ERROR: Need an adjoint for constructor PDMat{Float64, Matrix{Float64}}. Gradient is of type Matrix{Float64}
Stacktrace:
  [1] error(s::String)
    @ Base ./error.jl:33
  [2] (::Zygote.Jnew{PDMat{Float64, Matrix{Float64}}, Nothing, false})(Δ::Matrix{Float64})
    @ Zygote ~/.julia/packages/Zygote/Y6SC4/src/lib/lib.jl:324
  [3] (::Zygote.var"#1784#back#228"{Zygote.Jnew{PDMat{Float64, Matrix{Float64}}, Nothing, false}})(Δ::Matrix{Float64})
    @ Zygote ~/.julia/packages/ZygoteRules/AIbCs/src/adjoint.jl:67
  [4] Pullback
    @ ~/.julia/packages/PDMats/ovlmf/src/pdmat.jl:9 [inlined]
  [5] (::typeof(∂(PDMat{Float64, Matrix{Float64}})))(Δ::Matrix{Float64})
    @ Zygote ~/.julia/packages/Zygote/Y6SC4/src/compiler/interface2.jl:0
  [6] Pullback
    @ ~/.julia/packages/PDMats/ovlmf/src/pdmat.jl:16 [inlined]
  [7] (::typeof(∂(PDMat)))(Δ::Matrix{Float64})
    @ Zygote ~/.julia/packages/Zygote/Y6SC4/src/compiler/interface2.jl:0
  [8] Pullback
    @ ~/.julia/packages/PDMats/ovlmf/src/pdmat.jl:19 [inlined]
  [9] (::typeof(∂(PDMat)))(Δ::Matrix{Float64})
    @ Zygote ~/.julia/packages/Zygote/Y6SC4/src/compiler/interface2.jl:0
 [10] Pullback
    @ ./REPL[7]:1 [inlined]
 [11] (::typeof(∂(f)))(Δ::Float64)
    @ Zygote ~/.julia/packages/Zygote/Y6SC4/src/compiler/interface2.jl:0
 [12] Pullback
    @ ./REPL[8]:1 [inlined]
 [13] (::typeof(∂(#3)))(Δ::Float64)
    @ Zygote ~/.julia/packages/Zygote/Y6SC4/src/compiler/interface2.jl:0
 [14] (::Zygote.var"#56#57"{typeof(∂(#3))})(Δ::Float64)
    @ Zygote ~/.julia/packages/Zygote/Y6SC4/src/compiler/interface.jl:41
 [15] gradient(f::Function, args::Vector{Float64})
    @ Zygote ~/.julia/packages/Zygote/Y6SC4/src/compiler/interface.jl:76
 [16] top-level scope
    @ REPL[8]:1

This seems like a strange error.

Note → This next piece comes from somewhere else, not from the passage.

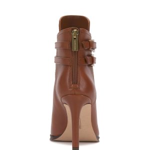The Sahra bootie flaunts sophistication from every angle. The double gold-toned buckles pop against the smooth leather upper while the towering stiletto makes a stylish statement.
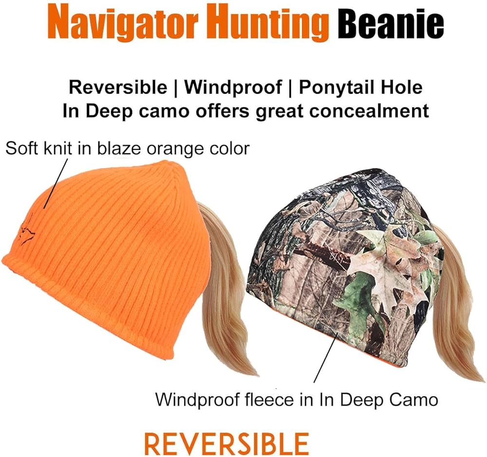 قبعة صغيرة عالية الأداء مصممة للنساء - قبعة نافيغايتور ذات وجهين، مقاومة للرياح وتوفر دفئاً رائعاً. يوجد فتحة لذيل الحصان في الظهر. إنه واحد من أكثر الألعاب دفئًا وراحة للصيادين من الإناث

I tried to reproduce with my own type, but couldn't:

# The following is basically copy-pasted from master:
struct MyPDMat{T<:Real,S<:AbstractMatrix}
    dim::Int
    mat::S
    chol::Cholesky{T,S}

    MyPDMat{T,S}(d::Int,m::AbstractMatrix{T},c::Cholesky{T,S}) where {T,S} = new{T,S}(d,m,c)
end

function MyPDMat(mat::AbstractMatrix,chol::Cholesky{T,S}) where {T,S}
    d = size(mat, 1)
    size(chol, 1) == d ||
        throw(DimensionMismatch("Dimensions of mat and chol are inconsistent."))
    MyPDMat{T,S}(d, convert(S, mat), chol)
end

MyPDMat(mat::AbstractMatrix) = MyPDMat(mat, cholesky(mat))

Base.:\(a::MyPDMat, x::AbstractVecOrMat) = cholesky(a) \ x
LinearAlgebra.cholesky(a::MyPDMat) = a.chol

h(x) = tr(MyPDMat(kernel(0.1)) \ kernel(x))
Zygote.gradient(x->h(only(x)), [.2]) # works

BTW, all of these functions can be differentiated with ForwardDiff.

The text was updated successfully, but these errors were encountered:

devmotion · 2022-05-04T11:58:44Z

This seems like a strange error.

Doesn't help but I've seen these quite often.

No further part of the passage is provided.